A data structure that answers "have I seen this?" with "definitely no" or "maybe" — and saves enormous amounts of work by being wrong on purpose.

Data intro Apr 29, 2026

Why it exists

You have a billion keys somewhere — on disk, in another datacenter, behind a slow API — and a stream of incoming questions: is this one of them? If the answer is “no” 99% of the time, you’d really rather not pay the cost of looking each time. A hash set would work, but a hash set of a billion strings is huge. You don’t have the RAM. You don’t even want the RAM, because you’re going to put one of these in front of every shard, every SSTable, every cache.

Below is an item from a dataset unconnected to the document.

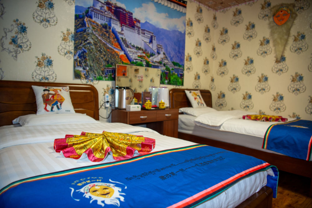 图为扎西曲登社区一家民宿的藏戏主题客房(6月24日摄)。新华网 旦增努布 摄
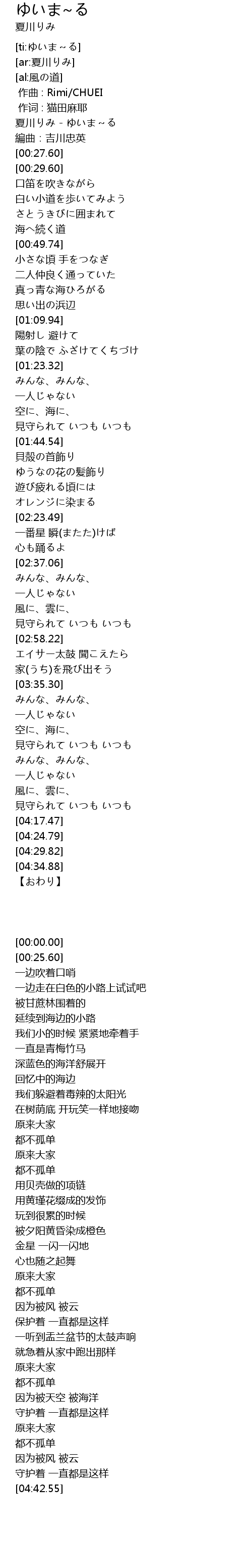 | [00:00.00] | 夏川りみ - ゆいま~る |

What you actually need is a tiny structure that can quickly say “don’t bother, the answer is definitely no” — and is allowed to occasionally lie in the other direction (say “maybe” when the truth is “no”). A “maybe” just means you fall through to the slow path you were going to take anyway. A wrong “no” would be a correctness bug; a wrong “maybe” is just a missed optimization.

That asymmetry is the entire point. Burton Howard Bloom published the idea in 1970 (Space/Time Trade-offs in Hash Coding with Allowable Errors, CACM), at a time when memory was scarce enough that being willing to be wrong was a real currency you could spend.

Why it matters now

Memory is cheaper, but the latency and bandwidth gaps between RAM, local SSD, the network, and cold object storage are still enormous — orders of magnitude in each step, depending on the workload. Anywhere there’s a steep cliff between two storage tiers, a Bloom filter wants to live at the top of it.

Concrete places they show up:

LSM-tree storage engines (RocksDB, Cassandra, LevelDB, HBase) commonly attach a Bloom filter to each on-disk sorted file (SSTable in RocksDB/Cassandra terms, HFile in HBase) so reads can skip files that definitely don’t contain the key. It’s usually configurable, not always on. See lsm-trees.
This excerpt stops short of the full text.